Speaking to BBC consumer campaign show Watchdog about the incident, Winkleman said she had bought the costume at the local supermarket for “about five quid” and the family went out trick-or-treating.

“I was talking to somebody and then I just heard her scream,” an emotional Winkleman said. “She just screamed: ‘Mummy’ and I turned round and that was that, she was just on fire.

“Everyone was screaming. She was screaming, all the kids there were screaming. It feels like she was on fire for hours, but the surgeon said that it definitely wasn’t the case and it was probably just seconds.

“She went up, is the only way I know how to describe it... it was a spark and she screamed out for me.

“It was like those horrific birthday candles that you blow out and then they come back... it was really fast, it was fast, it wasn’t fire like I’d seen.

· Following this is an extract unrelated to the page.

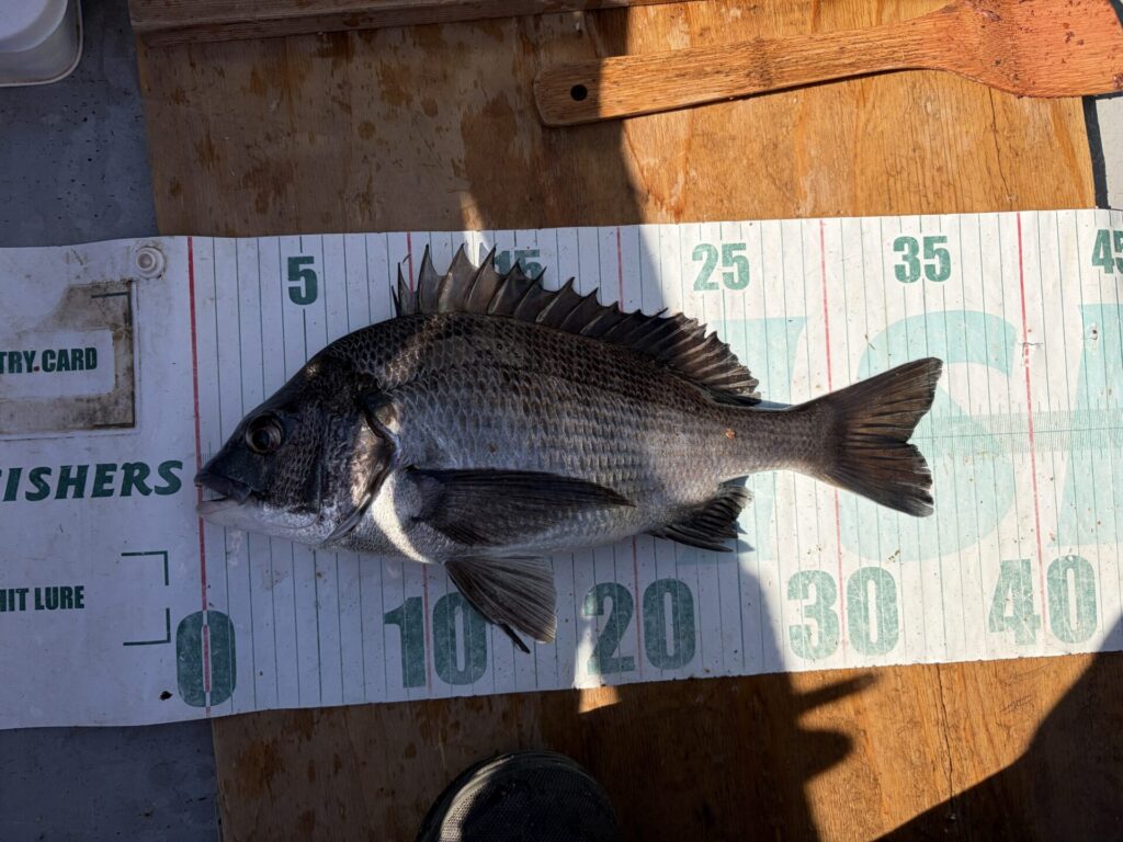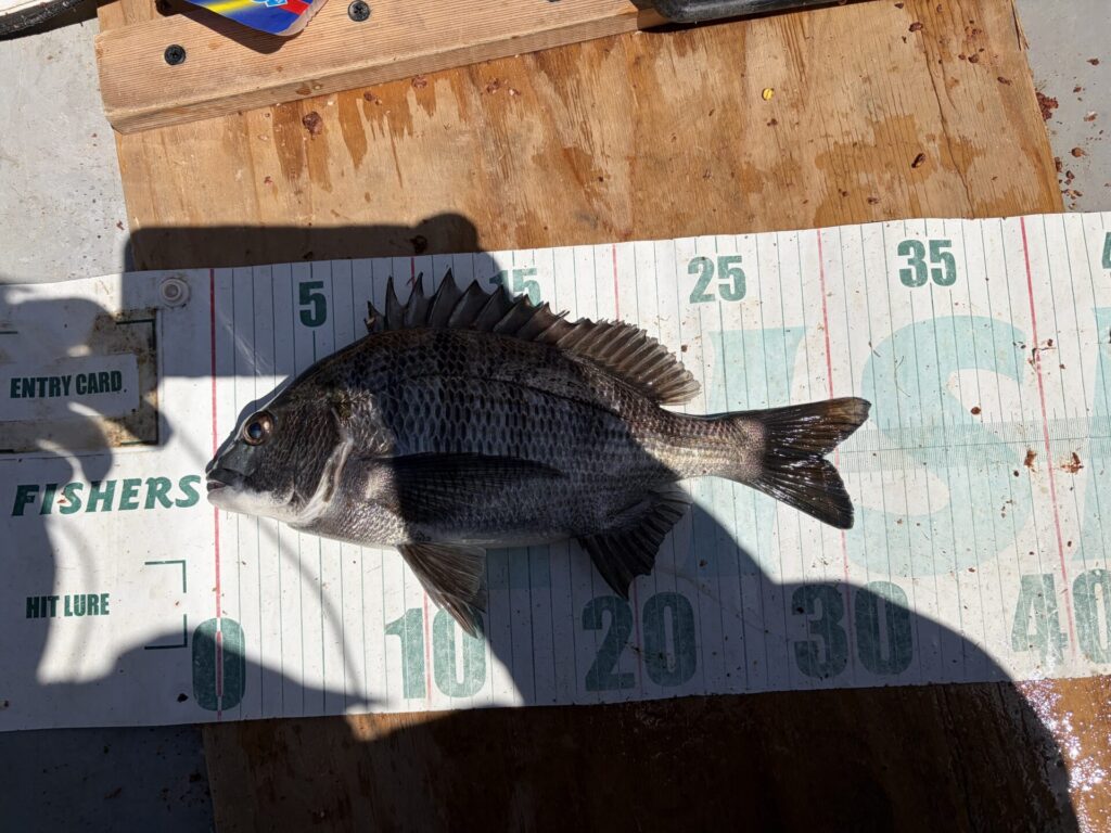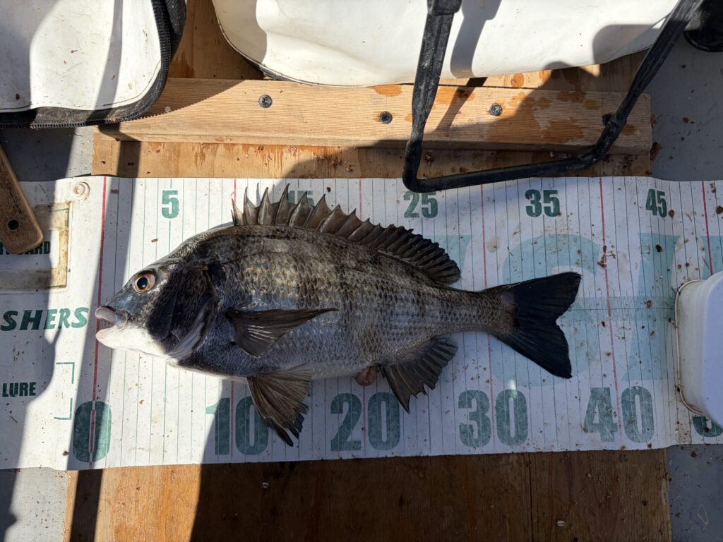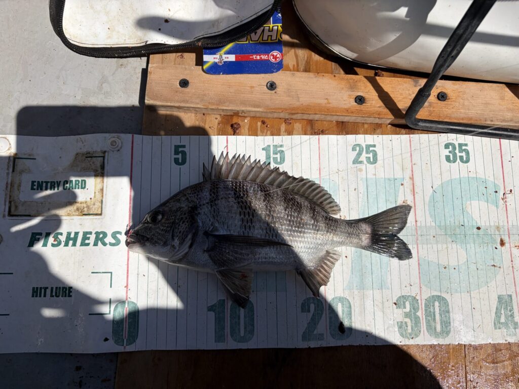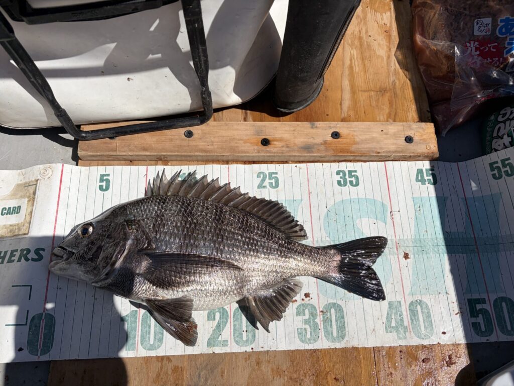 なので、底付近を探ると、クロダイ42cm。

“We couldn’t put her out. Her tights had melted into her skin.”

The BBC One show, which airs at 8pm on Thursday, tests out high street fancy dress costumes to see how safe they are to wear.

The programme is intending to highlight the fact that costumes are classified as toys rather than clothes, meaning less rigorous health and safety standards are applied to them.

Winkleman said she had spent the months since the accident wishing she had been burned rather than her daughter. “I wish I had been dressed as the witch is mainly all I wish, that it had happened to me... she went up, and I don’t want that to happen to another child.”

Jorge Leon-Vallapalos, the plastic surgeon at London’s Chelsea and Westminster hospital who treated Matilda, called the number of child burns “a mini epidemic... in certain periods of the year” and said the law must be changed.

Winkleman added: “I would like parents to, just on Halloween, just to think about what they’re going to put their kids in because I didn’t, and it cost us.”